In 1984, the North Florida Division was established. By the end of the year, construction had started on 54 homes in the Jacksonville area. By the company's 10th anniversary in 1990, it had built more than 200 homes.

Intervest Construction Inc. started operating under the ICI Homes moniker in 1998 and its corporate logo was launched which is still in use today.

In 2000, at the company's 20th anniversary, the company launched its Central Florida division, primarily focusing on the Orlando and Tampa areas. The company also built homes in communities in Georgia and Tennessee, but returned to Florida exclusivity after a couple years. At the end of the 2003 fiscal year, ICI Homes had marked a total of 10,000 closed homes.

The subprime mortgage crisis that began in 2007 hit the new home construction industry especially hard. ICI Homes prevailed by expanding its efforts into other niches, such as timeshares, condominiums, and renovations. As the market stabilized and improved, the company refocused its efforts back to custom homebuilding.

In 2014, the company added six new communities. In 2015, The Northeast Florida Builders Association (NEFBA) named ICI Homes its 2014 Builder of the Year.

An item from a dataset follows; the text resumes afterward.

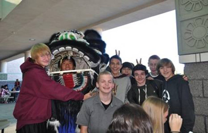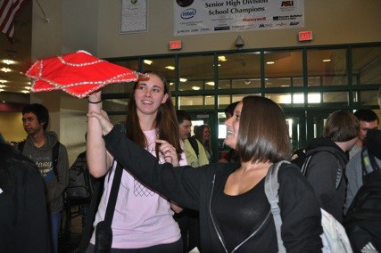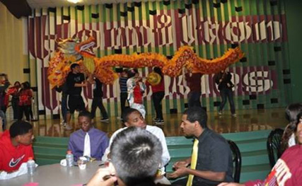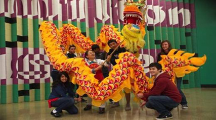 上午9点45分,亚利桑那州立大学孔子学院在Hamilton高中餐厅的大屏幕上开始播放有关中国传统新年的幻灯片。一千多名正在用餐的Hamilton学生一边津津有味地吃着午餐,一边欣赏着孔子学院为他们精心准备的幻灯片。突然,响起了一阵欢快的舞龙音乐,一条金光闪闪的龙缓缓移动到餐厅舞台上,定睛一看,原来是Hamilton高中学习中文的学生们来向大家拜年了。在舞台的另一角,一头黝黑的狮子也不甘示弱地窜上了舞台,只见它闪动着一双大眼睛,上蹦下跳,时而打滚,时而扑蝶。台下的学生们都津津有味地观看着,不时发出阵阵掌声。学生们精彩的表演拉开了亚利桑那州立大学孔子学院中国文化日的序幕。

In June 2020, the company acquired 571.86 acres(for $8.42 million) in St. Johns County, Florida near Creekside High School for a mixed-use community called the Crossroads.

== EQ FACTOR==
All ICI Homes are rated against the company's own EQ FACTOR—a program which rates its homes in terms of quality and energy efficiency—and the national Home energy rating by the Residential Energy Services Network (RESNET).

ICI Homes launched its most energy efficient home, The Emerald, in February 2009 at Plantation Bay Golf & Country Club. The Northeast Florida Builders Council (NEFBC) bestowed its Laurel Award for Best Interior Merchandising in a Detached Home priced at more than US$1 million. The Emerald has been praised by environmentalists, builders, and planners for energy efficiency and environmental quality. It received more than 13,000 visits in 2009, a record for the company.